Between the lines: Screams of different kinds at the Singapore Writers Festival

Daniel Boey's new autobiography is called The Book Of Daniel: Adventures Of A Fashion Insider. -- ST PHOTO: DESMOND WEE
Daniel Boey's new autobiography is called The Book Of Daniel: Adventures Of A Fashion Insider. -- ST PHOTO: DESMOND WEE

Fashion director Daniel Boey is one to scream but the audience at the Singapore Writers Festival on Saturday did not hear him roar.

Instead, the style guru, dubbed Singapore's Godfather of fashion, cooed, teased and spoke rapid-fire about his drama-filled life at the talk to promote his newly- launched autobiography, The Book Of Daniel: Adventures Of A Fashion Insider.

Mr Boey, who turns 50 next year, along with the country, told a full-house at the festival pavilion on the lawn of the Singapore Management University (SMU) that the book was equally his tribute to Singapore fashion history.

His voice swelled with pride as he waxed lyrical about Singapore being once the hub of fashion in the region, home to luxury emporiums including high-end French department store Galeries Lafayette and supermodels that fronted ad campaigns for top brands such as Chanel and CoverGirl. Appropriately, he wore his heart for Singapore talent on his sleeves by dressing for the event in a sharp printed jacket by home-grown label Mr Howard.

The good-looking audience, which included models and Minister of State for Trade and Industry Teo Ser Luck - there is a photograph of him in the book as a model - was also given a glimpse as to why Mr Boey is widely touted as Asia's most-sought after fashion show producer.

With the enjoyment of the audience in mind, the fashion director invited two model proteges, Vivian Ong Patenaude and Sofia Wakabayashi, to share the stage with him mid-way through the session, to offer the audience a view of himself through fresh eyes.

What came to light was that he screams, and by his own admission, "a lot". But as his guests stressed, if he yells, it is for a reason.

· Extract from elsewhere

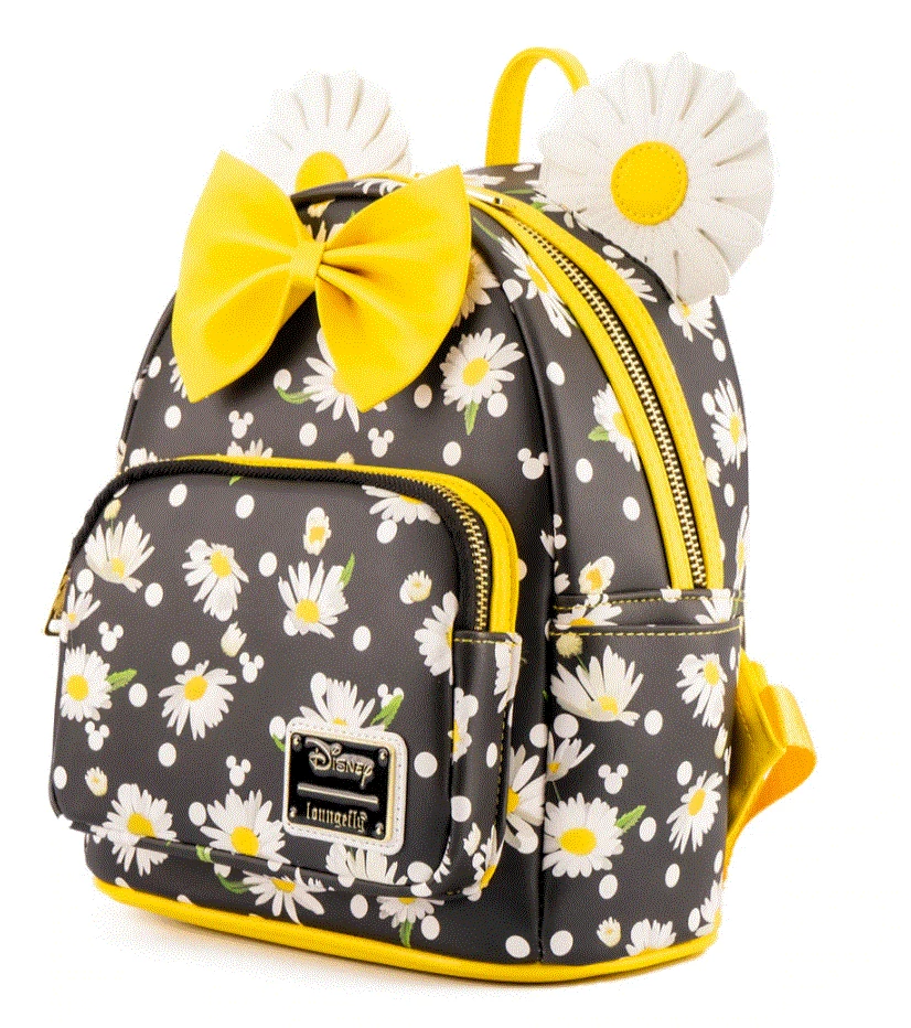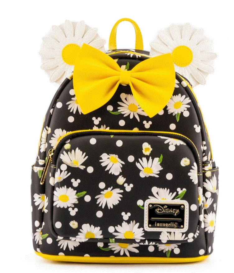 Get ready for spring with the Minnie Mouse Daisy Mini Backpack! The white daisies and polka dots stand out against the black background, adding a bright yellow zest to spring or even summer outfits. Between the daisy covered ears is a bright yellow bow, tying together the whole look. This bag will help you brighten the new year!

Models who show up late and waste everybody else's time, even if it is two minutes, and make-up artists who do not ensure models look their best, can be sure their ears will tingle from his bellows.

It was a different kind of screeching that happened earlier in the day at the talk by American fantasy writer Raymond Feist, who authored the popular fantasy series, The Riftwar Cycle.

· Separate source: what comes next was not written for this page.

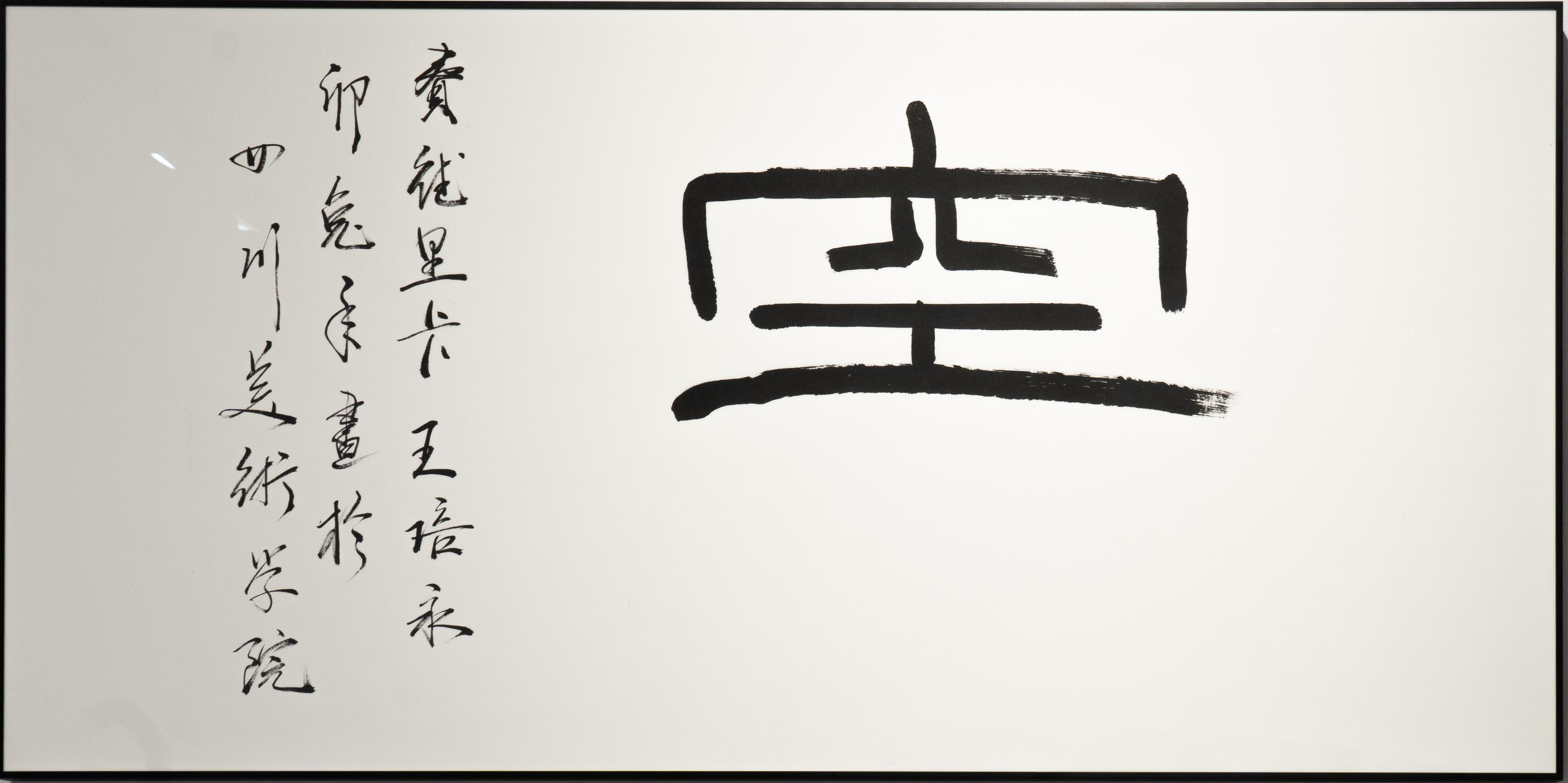 I created this piece after many attempts, under the guidance of Professor Wong, who generously shared his knowledge and studio space with me. I chose to write the character that refers to the word ‘empty’, to deeply explore my ideas on the void in the physical space. However, this word does not not only refer to the emptiness of space, but on a more philosophical level, also to the emptiness and nothingness of our entire human state. Professor Wong completed the work inserting the text on the left.

The gregarious speaker, who addressed a packed audience in an air-conditioned tent on the SMU lawn, was interrupted by the resonant cawing of birds outside the tent on no fewer than two occasions.

"Really?! You'd think we're in a tropical rainforest or something," he remarked, to laughs from the crowd.

But his audience, made up of fan boys and girls who prefaced their questions during the question-and-answer segment by professing their enduring love for his works, were not distracted.

One audience member took up his suggestion at the start of the talk to discuss his 75-bottle whisky collection and asked the author for his current favourite whisky.

Feist did not answer the question directly but instead, made reference to recent news of Suntory's Yamazaki Single Malt Sherry Cask 2013 topping the 2015 World Whisky Bible and said he prefers the Japanese distillery's Hakushu whisky.

Another audience member picked his brains on how he comes up with vivid characters in his books. "You make them do something intentional, something habitual and something gratuitous."

Yet another asked him about the evolution of the fantasy genre. "There is major crush on vampires… But it's no longer the literary, or movie, or television ghetto that it once was."

If there was any screaming that afternoon at the free festival event, Storytelling For Little Ones, at the National Museum of Singapore Children's Wing, it was quickly silenced by the masterful professional storyteller Chua Ai Lin, who held the roomful of more than 20 babies and toddlers under the spell of the German legend of the silver pinecones.

For any adult, however, the sight of the youngest participants of the festival, restless and squealing before the start of the session but still throughout the 30 minutes of storytelling, was perhaps the most enchanting scene.